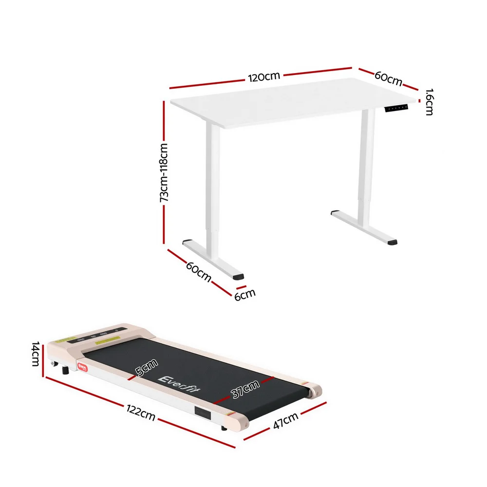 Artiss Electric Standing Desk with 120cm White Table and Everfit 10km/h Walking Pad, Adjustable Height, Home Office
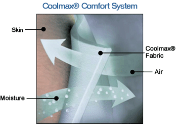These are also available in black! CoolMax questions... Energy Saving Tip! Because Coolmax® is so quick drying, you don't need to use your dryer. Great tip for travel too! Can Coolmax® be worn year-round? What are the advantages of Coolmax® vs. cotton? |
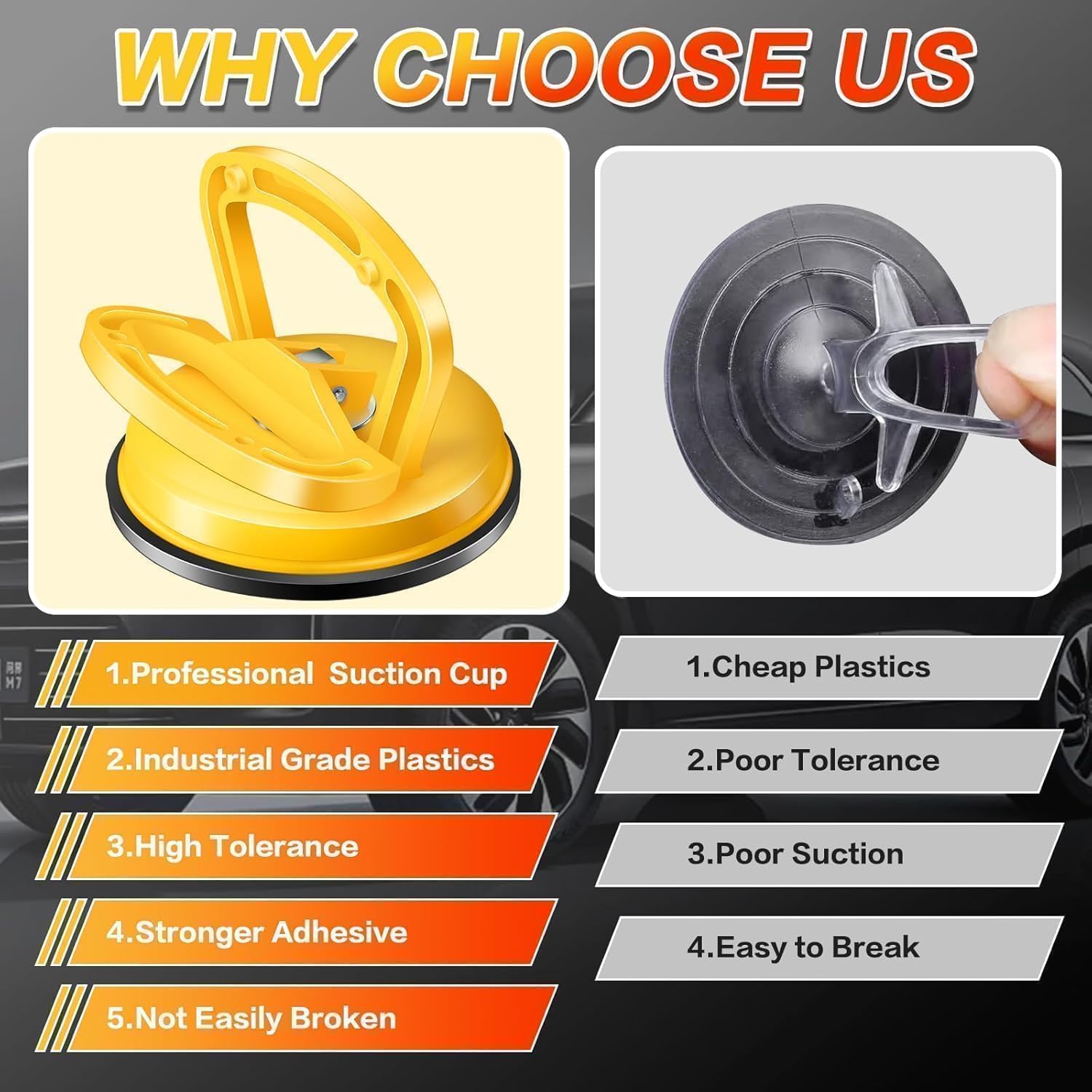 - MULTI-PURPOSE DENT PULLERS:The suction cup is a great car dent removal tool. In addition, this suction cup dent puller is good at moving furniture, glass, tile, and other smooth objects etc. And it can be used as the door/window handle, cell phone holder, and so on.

--

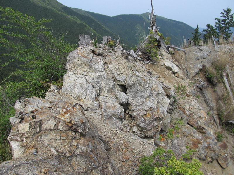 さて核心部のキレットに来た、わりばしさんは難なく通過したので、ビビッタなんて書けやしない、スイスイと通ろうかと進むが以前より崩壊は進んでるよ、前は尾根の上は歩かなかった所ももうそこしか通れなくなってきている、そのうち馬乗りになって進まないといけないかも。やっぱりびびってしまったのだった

---

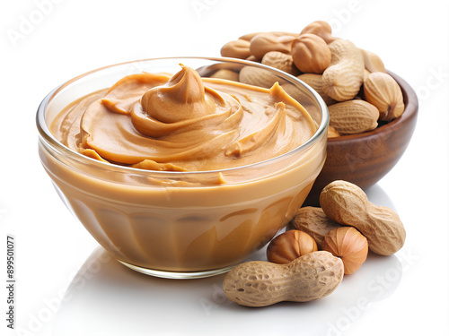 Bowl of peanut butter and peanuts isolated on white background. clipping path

**ACTION ITEM:**
Look back at the data above, then output exactly the lines from the line holding "Artiss Electric Standing" up to and including the line holding "- MULTI-PURPOSE DENT". Leave out the pictures.

**EXERCISE RESPONSE:**
 Artiss Electric Standing Desk with 120cm White Table and Everfit 10km/h Walking Pad, Adjustable Height, Home Office
These are also available in black! CoolMax questions... Energy Saving Tip! Because Coolmax® is so quick drying, you don't need to use your dryer. Great tip for travel too! Can Coolmax® be worn year-round? What are the advantages of Coolmax® vs. cotton? |
 - MULTI-PURPOSE DENT PULLERS:The suction cup is a great car dent removal tool. In addition, this suction cup dent puller is good at moving furniture, glass, tile, and other smooth objects etc. And it can be used as the door/window handle, cell phone holder, and so on.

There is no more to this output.